- _Records_:
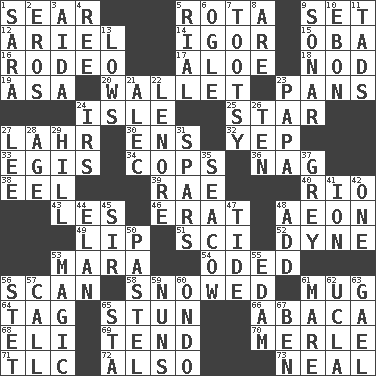 ACROSS 1. Shrivel 5. Roll call or roster of names 9. Put into a specified state 12. Satellite of Uranus 14. Composer Stravinsky 15. Chief or king in Benin or Nigeria 16. Cowboy competition 17. _ vera 18. Allow head to fall sleepily 19. White ___ sheet 20. Place for singles 23. Zero-star reviews 24. Small island 25. Play the lead 27. Cowardly lion portrayer 30. Followers of ems 32. Slangy assent 33. The front part of a cuirass 34. 911 reaches them 36. Tired old horse 38. Snakelike fish 39. Actress Charlotte 40. _ de Janeiro 43. French article 46. Part of Q.E.F. 48. Period of immesurable duration 49. Mouth edge 51. _-fi 52. Centimeter-gram-second unit of force 53. Hindu Mythology: god of death 54. Wrote a lyric poem 56. Examine minutely or intensely 58. Overwhelmed 61. Large cup 64. Label 65. Make senseless or dizzy 66. Phillipine bananalike plant 68. Biblical high priest 69. Look after 70. Haggard of country music 71. Affectionate concern, for short 72. In addition 73. Anneal DOWN 1. "Two Mules for Sister ____" 2. Greek god of love 3. Opera by Verdi 4. To sift 5. Monetary unit of Yemen 6. Stare at amorously 7. A girl or young woman (variant) 8. "We ___ not amused" (Victoria) 9. Underwater navigation system 10. Inky black, to poets 11. Small boys 13. Coldest temperatures 21. Actor Baldwin 22. Poe poem 23. Dad 24. Big collection agency 26. "___ Little Indians" 27. Area sheltered from the wind 28. Grow older 29. Land elevation 31. Practice fights 35. Manatee 37. Jennifer or Joel 41. Electrically charged atom 42. Single 44. Style 45. Title for a knight 47. Event that recurs at intervals 48. Find the sum of 50. Soft color 53. Mysterious quality of enchantment 55. Dutch treat 56. Proofreading order 57. Give a ring to 59. Religious women 60. Southwest Nigerian state 61. Female horse 62. Southern CA. univ. 63. Highlander 65. R.R. building 67. Benjamin's nick name
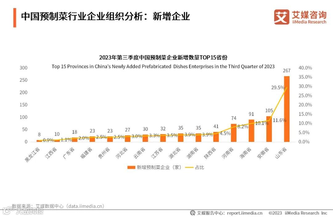 iiMedia Research(艾媒咨询)数据显示,2023年第三季度,中国新增预制菜企业905家,其中山东省新增预制菜企业数量最多,占比达29.5%。艾媒咨询分析师认为,目前预制菜新增企业仍普遍分布在沿海省份。随着预制菜全产业链高质量发展,中部地区如安徽省、河南省等具有较强影响力,推动中部地区成为全国食品产业版图的重要一极。
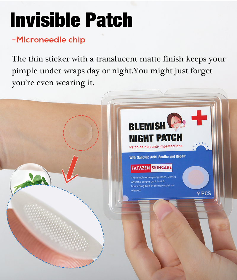Isolate external pollution and reduce the risk of infection: FATAZEN acne patches can isolate acne from contact with the external environment, effectively preventing bacteria, dust and other pollutants from further infecting acne. This isolating effect helps reduce the risk of acne worsening and promotes its healing.
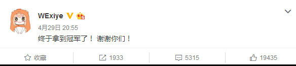 历时60分钟的总决赛最终局结束,WE终于在职业联赛成立四年之后,首次站在召唤师峡谷之巅! LPL总冠军!!! 历经九个赛季!!! 先后20个队员努力!!! 1505天的等待!!! WE,回到了他们应该回到的位置!!!
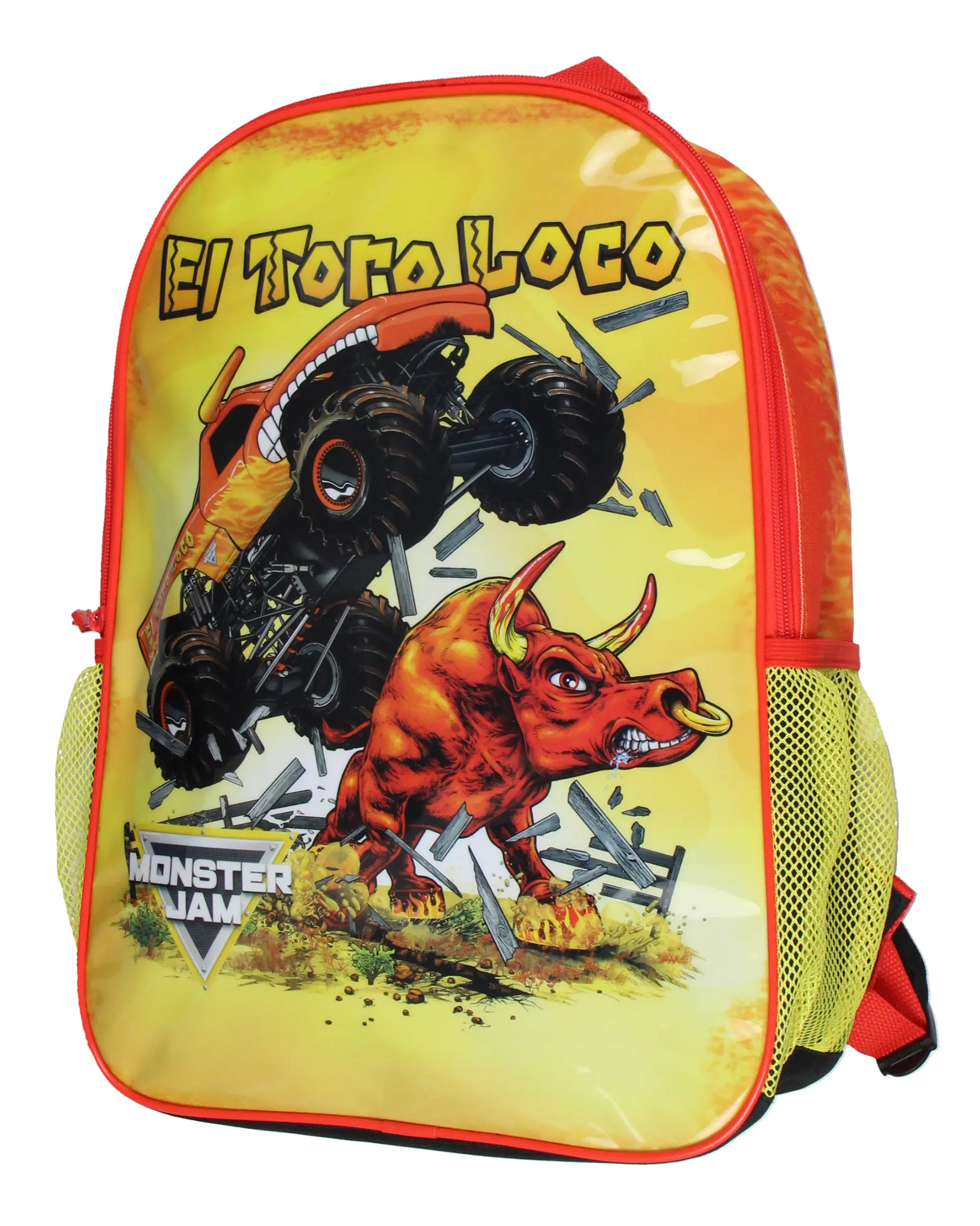 Monster Jam El Toro Loco Kids School Backpack Mess With The Bull & You Get The Horns! Big Truck Book Bag 17"

- _Prompt_:
Your answer must be an exact repeat of all the records, minus the pictures.

- _Response_:
 ACROSS 1. Shrivel 5. Roll call or roster of names 9. Put into a specified state 12. Satellite of Uranus 14. Composer Stravinsky 15. Chief or king in Benin or Nigeria 16. Cowboy competition 17. _ vera 18. Allow head to fall sleepily 19. White ___ sheet 20. Place for singles 23. Zero-star reviews 24. Small island 25. Play the lead 27. Cowardly lion portrayer 30. Followers of ems 32. Slangy assent 33. The front part of a cuirass 34. 911 reaches them 36. Tired old horse 38. Snakelike fish 39. Actress Charlotte 40. _ de Janeiro 43. French article 46. Part of Q.E.F. 48. Period of immesurable duration 49. Mouth edge 51. _-fi 52. Centimeter-gram-second unit of force 53. Hindu Mythology: god of death 54. Wrote a lyric poem 56. Examine minutely or intensely 58. Overwhelmed 61. Large cup 64. Label 65. Make senseless or dizzy 66. Phillipine bananalike plant 68. Biblical high priest 69. Look after 70. Haggard of country music 71. Affectionate concern, for short 72. In addition 73. Anneal DOWN 1. "Two Mules for Sister ____" 2. Greek god of love 3. Opera by Verdi 4. To sift 5. Monetary unit of Yemen 6. Stare at amorously 7. A girl or young woman (variant) 8. "We ___ not amused" (Victoria) 9. Underwater navigation system 10. Inky black, to poets 11. Small boys 13. Coldest temperatures 21. Actor Baldwin 22. Poe poem 23. Dad 24. Big collection agency 26. "___ Little Indians" 27. Area sheltered from the wind 28. Grow older 29. Land elevation 31. Practice fights 35. Manatee 37. Jennifer or Joel 41. Electrically charged atom 42. Single 44. Style 45. Title for a knight 47. Event that recurs at intervals 48. Find the sum of 50. Soft color 53. Mysterious quality of enchantment 55. Dutch treat 56. Proofreading order 57. Give a ring to 59. Religious women 60. Southwest Nigerian state 61. Female horse 62. Southern CA. univ. 63. Highlander 65. R.R. building 67. Benjamin's nick name
 iiMedia Research(艾媒咨询)数据显示,2023年第三季度,中国新增预制菜企业905家,其中山东省新增预制菜企业数量最多,占比达29.5%。艾媒咨询分析师认为,目前预制菜新增企业仍普遍分布在沿海省份。随着预制菜全产业链高质量发展,中部地区如安徽省、河南省等具有较强影响力,推动中部地区成为全国食品产业版图的重要一极。
Isolate external pollution and reduce the risk of infection: FATAZEN acne patches can isolate acne from contact with the external environment, effectively preventing bacteria, dust and other pollutants from further infecting acne. This isolating effect helps reduce the risk of acne worsening and promotes its healing.
 历时60分钟的总决赛最终局结束,WE终于在职业联赛成立四年之后,首次站在召唤师峡谷之巅! LPL总冠军!!! 历经九个赛季!!! 先后20个队员努力!!! 1505天的等待!!! WE,回到了他们应该回到的位置!!!
 Monster Jam El Toro Loco Kids School Backpack Mess With The Bull & You Get The Horns! Big Truck Book Bag 17"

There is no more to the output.